TASK DIRECTIONS:
What is wanted is every line below from the one with "初冬時節(jié),漫步甘谷" up to and including the one with "Описание проекта: Осуществлена", retyped exactly, pictures excluded, nothing else.

THE RECORDS:
- Opening Delimiter -

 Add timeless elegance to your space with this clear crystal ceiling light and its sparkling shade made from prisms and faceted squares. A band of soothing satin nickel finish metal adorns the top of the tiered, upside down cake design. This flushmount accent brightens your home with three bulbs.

- Closing Delimiter -
- Opening Delimiter -

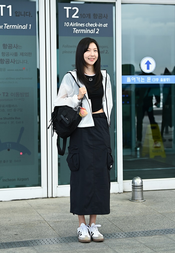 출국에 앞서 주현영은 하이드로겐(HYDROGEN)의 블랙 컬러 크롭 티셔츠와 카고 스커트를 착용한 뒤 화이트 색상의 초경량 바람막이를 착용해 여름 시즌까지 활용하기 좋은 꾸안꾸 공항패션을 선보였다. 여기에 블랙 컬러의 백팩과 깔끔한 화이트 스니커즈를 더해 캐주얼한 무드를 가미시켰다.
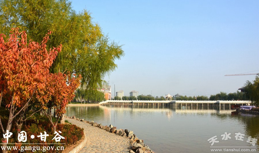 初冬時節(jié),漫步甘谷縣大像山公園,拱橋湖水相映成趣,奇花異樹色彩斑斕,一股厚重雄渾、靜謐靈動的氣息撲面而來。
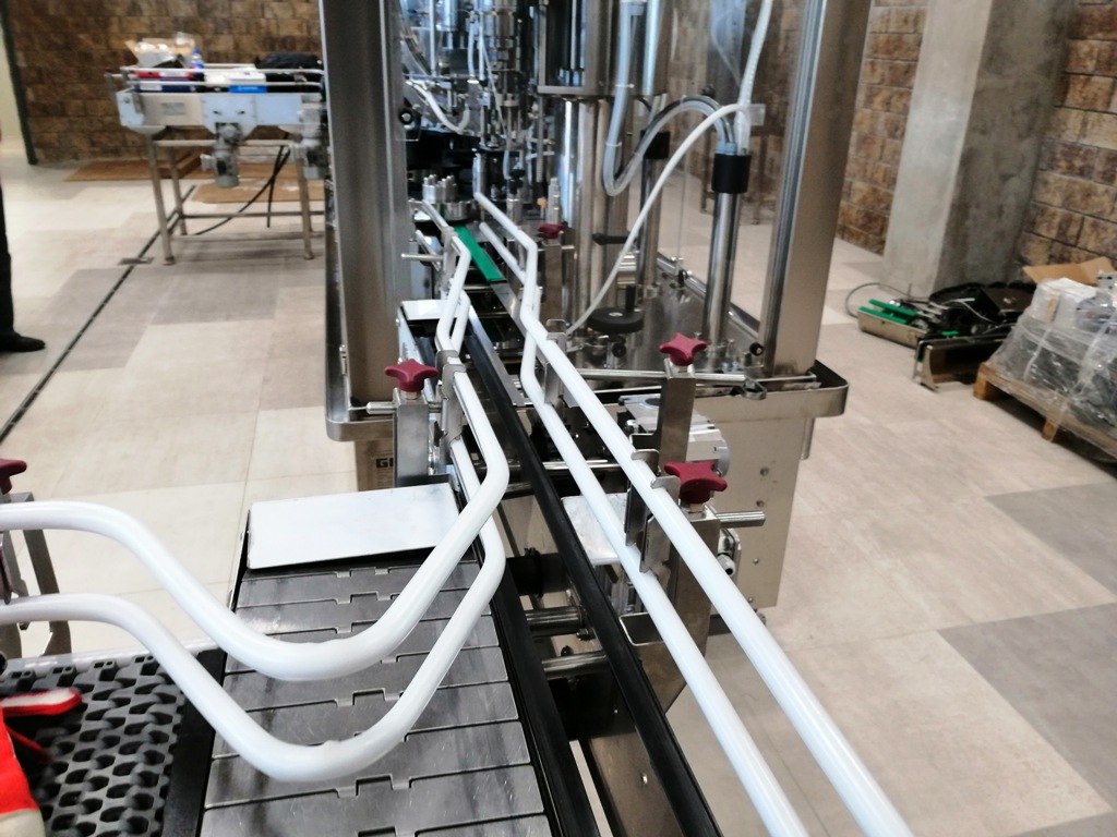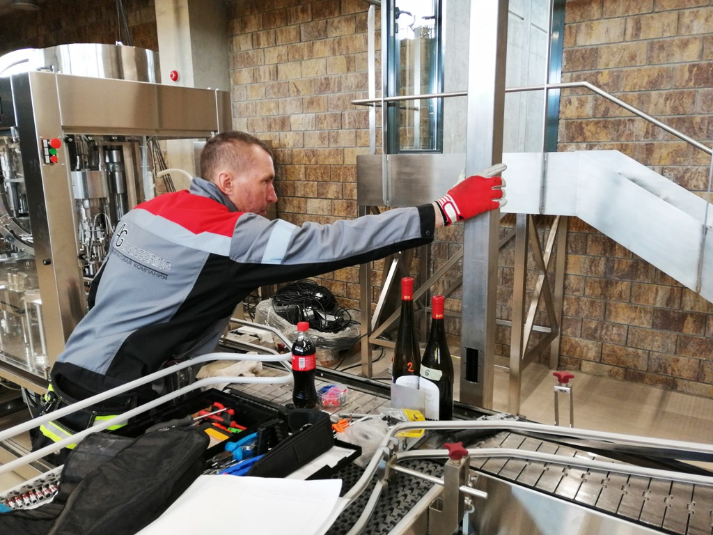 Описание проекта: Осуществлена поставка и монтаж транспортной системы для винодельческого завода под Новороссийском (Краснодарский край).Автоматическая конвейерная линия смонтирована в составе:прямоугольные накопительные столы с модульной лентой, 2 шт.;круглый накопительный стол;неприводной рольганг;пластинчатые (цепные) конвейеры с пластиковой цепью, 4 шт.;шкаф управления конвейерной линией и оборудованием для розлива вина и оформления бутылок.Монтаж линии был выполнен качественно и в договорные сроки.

- Closing Delimiter -
- Opening Delimiter -

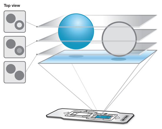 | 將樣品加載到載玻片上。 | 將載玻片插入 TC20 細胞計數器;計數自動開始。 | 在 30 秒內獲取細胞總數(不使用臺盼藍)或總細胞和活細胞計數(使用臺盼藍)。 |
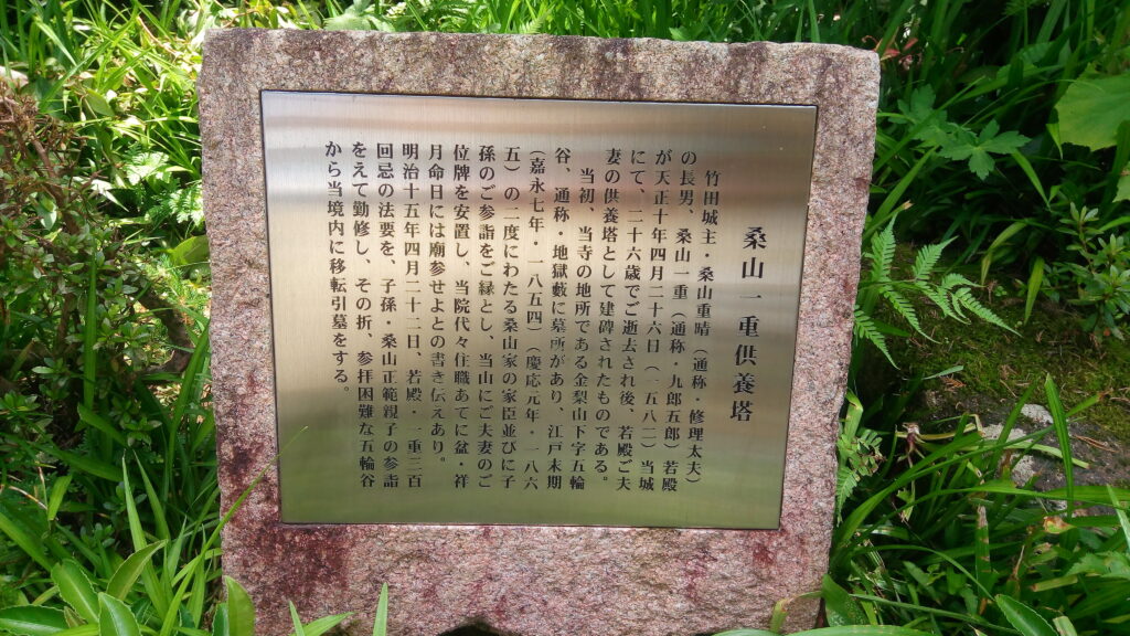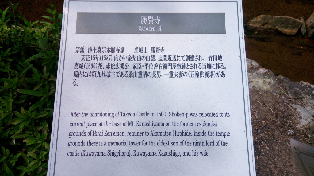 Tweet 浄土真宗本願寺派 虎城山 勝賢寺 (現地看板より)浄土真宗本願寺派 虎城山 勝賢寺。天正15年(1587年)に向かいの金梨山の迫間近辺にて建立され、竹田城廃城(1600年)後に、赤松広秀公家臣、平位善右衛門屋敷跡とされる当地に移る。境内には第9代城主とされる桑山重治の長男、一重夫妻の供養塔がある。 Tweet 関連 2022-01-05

- Closing Delimiter -

COMPLETED TASK:
 初冬時節(jié),漫步甘谷縣大像山公園,拱橋湖水相映成趣,奇花異樹色彩斑斕,一股厚重雄渾、靜謐靈動的氣息撲面而來。
 Описание проекта: Осуществлена поставка и монтаж транспортной системы для винодельческого завода под Новороссийском (Краснодарский край).Автоматическая конвейерная линия смонтирована в составе:прямоугольные накопительные столы с модульной лентой, 2 шт.;круглый накопительный стол;неприводной рольганг;пластинчатые (цепные) конвейеры с пластиковой цепью, 4 шт.;шкаф управления конвейерной линией и оборудованием для розлива вина и оформления бутылок.Монтаж линии был выполнен качественно и в договорные сроки.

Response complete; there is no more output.